------ Entries shown ------
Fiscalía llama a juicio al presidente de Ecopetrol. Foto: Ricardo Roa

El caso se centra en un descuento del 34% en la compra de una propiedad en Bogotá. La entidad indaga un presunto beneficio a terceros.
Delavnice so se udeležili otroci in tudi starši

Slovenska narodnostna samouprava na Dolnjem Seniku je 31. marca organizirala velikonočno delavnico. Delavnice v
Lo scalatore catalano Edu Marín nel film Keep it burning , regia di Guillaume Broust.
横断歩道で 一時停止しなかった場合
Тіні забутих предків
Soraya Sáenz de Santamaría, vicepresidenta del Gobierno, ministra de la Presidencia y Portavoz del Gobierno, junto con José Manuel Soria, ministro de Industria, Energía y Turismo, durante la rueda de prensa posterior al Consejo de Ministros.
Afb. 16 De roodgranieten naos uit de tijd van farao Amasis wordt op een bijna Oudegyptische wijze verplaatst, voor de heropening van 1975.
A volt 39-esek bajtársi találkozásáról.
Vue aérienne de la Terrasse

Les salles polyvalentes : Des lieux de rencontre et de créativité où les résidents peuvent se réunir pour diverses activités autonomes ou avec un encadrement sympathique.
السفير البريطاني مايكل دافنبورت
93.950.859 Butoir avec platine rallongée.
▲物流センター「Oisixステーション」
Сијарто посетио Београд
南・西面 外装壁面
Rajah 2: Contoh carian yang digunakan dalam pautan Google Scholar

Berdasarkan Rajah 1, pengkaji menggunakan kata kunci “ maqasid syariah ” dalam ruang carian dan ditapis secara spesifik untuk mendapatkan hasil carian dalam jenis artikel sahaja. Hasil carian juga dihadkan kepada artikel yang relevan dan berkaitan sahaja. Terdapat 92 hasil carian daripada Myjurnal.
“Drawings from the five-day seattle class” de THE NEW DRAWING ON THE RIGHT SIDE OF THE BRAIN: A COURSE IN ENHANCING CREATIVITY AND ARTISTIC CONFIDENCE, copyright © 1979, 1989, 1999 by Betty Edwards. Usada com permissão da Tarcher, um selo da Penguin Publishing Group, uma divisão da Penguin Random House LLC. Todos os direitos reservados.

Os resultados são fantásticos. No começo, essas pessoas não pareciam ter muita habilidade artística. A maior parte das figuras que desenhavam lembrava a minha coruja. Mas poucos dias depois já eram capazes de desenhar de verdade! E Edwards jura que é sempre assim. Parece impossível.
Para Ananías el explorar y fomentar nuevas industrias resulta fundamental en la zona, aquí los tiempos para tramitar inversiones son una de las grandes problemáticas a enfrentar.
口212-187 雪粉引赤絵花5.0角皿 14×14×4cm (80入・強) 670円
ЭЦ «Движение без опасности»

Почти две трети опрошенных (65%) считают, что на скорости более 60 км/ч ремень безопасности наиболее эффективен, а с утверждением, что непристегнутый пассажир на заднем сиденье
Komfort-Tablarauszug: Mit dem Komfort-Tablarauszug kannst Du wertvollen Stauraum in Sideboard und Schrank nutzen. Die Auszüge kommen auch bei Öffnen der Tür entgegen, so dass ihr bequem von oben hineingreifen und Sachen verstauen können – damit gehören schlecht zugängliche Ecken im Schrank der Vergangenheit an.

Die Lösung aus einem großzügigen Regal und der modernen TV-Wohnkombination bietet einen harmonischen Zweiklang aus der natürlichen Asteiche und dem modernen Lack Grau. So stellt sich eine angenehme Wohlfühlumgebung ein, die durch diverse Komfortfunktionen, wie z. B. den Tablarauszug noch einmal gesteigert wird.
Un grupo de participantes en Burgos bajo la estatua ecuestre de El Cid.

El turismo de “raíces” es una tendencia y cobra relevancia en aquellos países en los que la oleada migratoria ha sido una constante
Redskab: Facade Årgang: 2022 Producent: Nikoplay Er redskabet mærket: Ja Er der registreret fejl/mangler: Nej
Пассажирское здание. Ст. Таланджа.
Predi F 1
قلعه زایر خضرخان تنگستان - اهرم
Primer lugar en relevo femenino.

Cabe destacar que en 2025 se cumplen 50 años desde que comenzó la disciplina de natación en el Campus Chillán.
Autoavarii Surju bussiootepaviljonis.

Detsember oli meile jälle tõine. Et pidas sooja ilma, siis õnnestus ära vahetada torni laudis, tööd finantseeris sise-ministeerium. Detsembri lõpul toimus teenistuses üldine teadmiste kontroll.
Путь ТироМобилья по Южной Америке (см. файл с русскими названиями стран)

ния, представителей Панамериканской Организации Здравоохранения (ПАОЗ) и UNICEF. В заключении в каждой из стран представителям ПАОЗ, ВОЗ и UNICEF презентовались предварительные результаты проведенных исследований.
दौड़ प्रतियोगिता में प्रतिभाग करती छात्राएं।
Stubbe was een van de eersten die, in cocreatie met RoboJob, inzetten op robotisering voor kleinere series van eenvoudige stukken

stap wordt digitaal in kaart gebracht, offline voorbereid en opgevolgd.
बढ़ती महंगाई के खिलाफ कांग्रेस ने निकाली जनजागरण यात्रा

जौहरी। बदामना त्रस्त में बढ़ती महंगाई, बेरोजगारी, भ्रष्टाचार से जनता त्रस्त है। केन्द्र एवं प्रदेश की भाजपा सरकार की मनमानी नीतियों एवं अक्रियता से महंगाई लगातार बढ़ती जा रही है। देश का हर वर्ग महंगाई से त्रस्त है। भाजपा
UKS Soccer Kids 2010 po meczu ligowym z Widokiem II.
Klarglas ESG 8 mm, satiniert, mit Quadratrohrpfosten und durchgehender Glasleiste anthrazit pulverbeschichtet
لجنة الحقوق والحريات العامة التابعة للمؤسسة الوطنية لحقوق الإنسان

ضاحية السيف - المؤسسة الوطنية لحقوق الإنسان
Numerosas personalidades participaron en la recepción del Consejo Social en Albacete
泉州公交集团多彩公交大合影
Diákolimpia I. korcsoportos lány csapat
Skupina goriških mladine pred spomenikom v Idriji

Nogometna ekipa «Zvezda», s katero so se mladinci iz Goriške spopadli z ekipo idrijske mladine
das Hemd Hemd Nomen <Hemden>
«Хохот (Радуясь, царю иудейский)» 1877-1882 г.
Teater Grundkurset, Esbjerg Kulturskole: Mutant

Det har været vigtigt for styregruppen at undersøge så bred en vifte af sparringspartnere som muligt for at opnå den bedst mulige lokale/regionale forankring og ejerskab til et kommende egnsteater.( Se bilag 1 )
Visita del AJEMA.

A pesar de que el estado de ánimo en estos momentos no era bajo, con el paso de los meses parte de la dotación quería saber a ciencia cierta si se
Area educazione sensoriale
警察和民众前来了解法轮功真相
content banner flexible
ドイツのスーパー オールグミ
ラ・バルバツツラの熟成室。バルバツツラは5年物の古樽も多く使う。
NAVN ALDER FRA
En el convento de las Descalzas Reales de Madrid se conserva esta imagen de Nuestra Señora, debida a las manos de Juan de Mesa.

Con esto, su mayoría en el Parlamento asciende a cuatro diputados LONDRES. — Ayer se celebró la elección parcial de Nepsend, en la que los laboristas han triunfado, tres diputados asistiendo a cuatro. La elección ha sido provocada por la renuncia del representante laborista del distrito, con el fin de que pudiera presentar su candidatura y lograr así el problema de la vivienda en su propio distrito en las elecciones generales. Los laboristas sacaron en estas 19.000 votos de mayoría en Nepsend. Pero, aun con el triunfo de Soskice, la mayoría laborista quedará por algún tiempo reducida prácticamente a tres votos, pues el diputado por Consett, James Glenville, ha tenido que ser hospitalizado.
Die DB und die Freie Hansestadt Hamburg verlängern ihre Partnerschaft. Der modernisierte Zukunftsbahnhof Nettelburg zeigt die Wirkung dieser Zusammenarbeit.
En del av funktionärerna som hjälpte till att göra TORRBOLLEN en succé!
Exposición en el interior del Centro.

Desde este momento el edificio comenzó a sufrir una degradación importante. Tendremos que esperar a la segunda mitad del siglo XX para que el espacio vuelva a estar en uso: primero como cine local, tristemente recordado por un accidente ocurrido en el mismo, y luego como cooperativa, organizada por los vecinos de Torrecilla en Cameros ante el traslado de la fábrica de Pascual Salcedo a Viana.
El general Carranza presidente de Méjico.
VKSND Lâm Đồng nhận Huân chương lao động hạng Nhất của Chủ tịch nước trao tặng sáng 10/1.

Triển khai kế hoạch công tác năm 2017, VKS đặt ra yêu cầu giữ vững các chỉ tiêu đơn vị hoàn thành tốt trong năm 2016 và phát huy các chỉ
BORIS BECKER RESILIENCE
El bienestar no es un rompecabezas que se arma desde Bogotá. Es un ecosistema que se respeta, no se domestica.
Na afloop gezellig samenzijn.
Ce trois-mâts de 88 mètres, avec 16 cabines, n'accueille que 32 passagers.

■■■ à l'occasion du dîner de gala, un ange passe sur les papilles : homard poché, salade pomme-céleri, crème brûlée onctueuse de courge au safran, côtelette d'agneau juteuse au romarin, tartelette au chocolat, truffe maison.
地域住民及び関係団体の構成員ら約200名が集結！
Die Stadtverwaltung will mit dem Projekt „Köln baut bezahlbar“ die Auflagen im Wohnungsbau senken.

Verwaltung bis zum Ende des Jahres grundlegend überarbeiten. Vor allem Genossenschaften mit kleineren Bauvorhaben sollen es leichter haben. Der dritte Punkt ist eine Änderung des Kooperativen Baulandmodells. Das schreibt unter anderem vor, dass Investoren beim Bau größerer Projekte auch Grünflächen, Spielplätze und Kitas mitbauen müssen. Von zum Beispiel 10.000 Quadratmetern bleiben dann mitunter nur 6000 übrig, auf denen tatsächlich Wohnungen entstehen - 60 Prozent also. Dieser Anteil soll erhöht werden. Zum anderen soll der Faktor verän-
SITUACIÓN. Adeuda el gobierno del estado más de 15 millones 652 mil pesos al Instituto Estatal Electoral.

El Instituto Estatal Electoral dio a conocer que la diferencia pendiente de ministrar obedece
------
— How to complete this task —
Only the lines above from the one with "NAVN ALDER FRA" through the one with "En el convento" should be duplicated, character for character.

— Answer below —
NAVN ALDER FRA
En el convento de las Descalzas Reales de Madrid se conserva esta imagen de Nuestra Señora, debida a las manos de Juan de Mesa.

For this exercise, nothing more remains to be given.